Oleh: Faidzunal A. Abdillah, Pemerhati sosial dan lingkungan – Warga LDII tinggal di Serpong, Tangerang Selatan.
Sepertinya, sekarang saat yang tepat. Ditunggu-tunggu, katanya. Kala hujan bulan Desember sudah hadir lebat. Muncul banjir di tempat biasa. Bersama angin dan dinginnya. Untuk apa? Untuk berbicara lagi mengenai selimut asmara, menyambut hujan cinta di taman asri yang bernama keluarga. Walau mungkin serba sedikit, namun berharap banyak mampu menguatkan kembali hubungan suami – istri tercinta.

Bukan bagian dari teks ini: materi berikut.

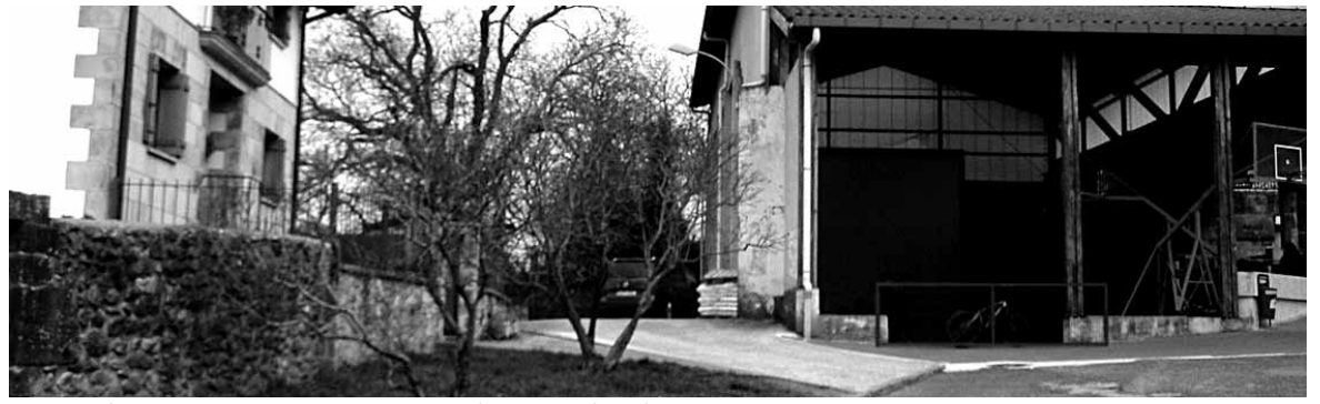
Eskolara joateko xenda etxearen eta frontoiaren artean abiatuko da.

Lan horietatik dirurik soberan geldituko balitz, medikuaren etxeko teilatuaren erlanean bateginen luke Iturmendiko Udalak. Horrekin batera, Gabirondokazaldu digunez, elizazpitik eskola berrira joateko oinezkoendako xenda bat egokituko du Udalak. "Hirigintza planean 6 metroko kale bat aurreikusten da, baina orain xenda eginen dugu. Ikasleak errepidetik oinez joaten dira eta arriskua kendu nahi dugu",

Melengkapi dan menggenapi beberapa celoteh ringan sebelumnya. Dan kali ini waktunya memberi bumbu penyedap, biar semakin padu. Semakin terasa dan teramu. Tidak hambar. Yaitu, bagaimana membangun kualitas hubungan yang baik dari waktu ke waktu dan meningkatkan derajat spiritualitas dalam berumah tangga.

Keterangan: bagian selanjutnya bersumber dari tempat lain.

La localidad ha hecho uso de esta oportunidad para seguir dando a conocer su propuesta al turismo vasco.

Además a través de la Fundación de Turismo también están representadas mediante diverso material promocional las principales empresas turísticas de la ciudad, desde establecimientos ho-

Seolah mendapat udara segar, bahtera rumah tangga akan berlayar lancar. Di haluan sebelah kiri tersedia bermacam bahan. Tugasnya adalah meramu dengan resep berikut, dengan syarat jangan sampai gagal faham.
عَنْ أُمِّ سَلَمَةَ، قَالَتْ: قَالَ رَسُولُ اللَّهِ صَلَّى اللَّهُ عَلَيْهِ وَسَلَّمَ:أَيُّمَا امْرَأَةٍ مَاتَتْ وَزَوْجُهَا عَنْهَا رَاضٍ دَخَلَتِ الْجَنَّةَ
Dari Umi Salamah, dia berkata, Rasulullah SAW bersabda, “Perempuan mana saja yang meninggal dunia, dan suaminya ridho darinya, maka dia masuk surga.” (HR at – Tirmidzi)
Jujur, selama ini banyak otak kiri yang memahami dalil ini dengan resep yang tidak seimbang. Meminjam istilahnya para pakar motivasi, tidak menganut prinsip menang – menang (win – win), akan tetapi cenderung menang-kalah (win – lose). Seolah memenangkan pihak suami dan membuat kalah pihak sebelah. Yaitu dengan memberikan tekanan, tepatnya tuntutan, bagaimana agar istri bisa selalu berbuat baik dan terus-menerus taat kepada suami. Bagaimana pun keadaannya. Tampaknya jalan pemikiran dan pemahaman seperti itulah yang tertangkap antena pemahaman di banyak kepala. Dengan semua itu, resonansinya, menghasilkan kala datang ajal, suami ridho dengan apa yang telah diperbuat dan disajikan sang istri.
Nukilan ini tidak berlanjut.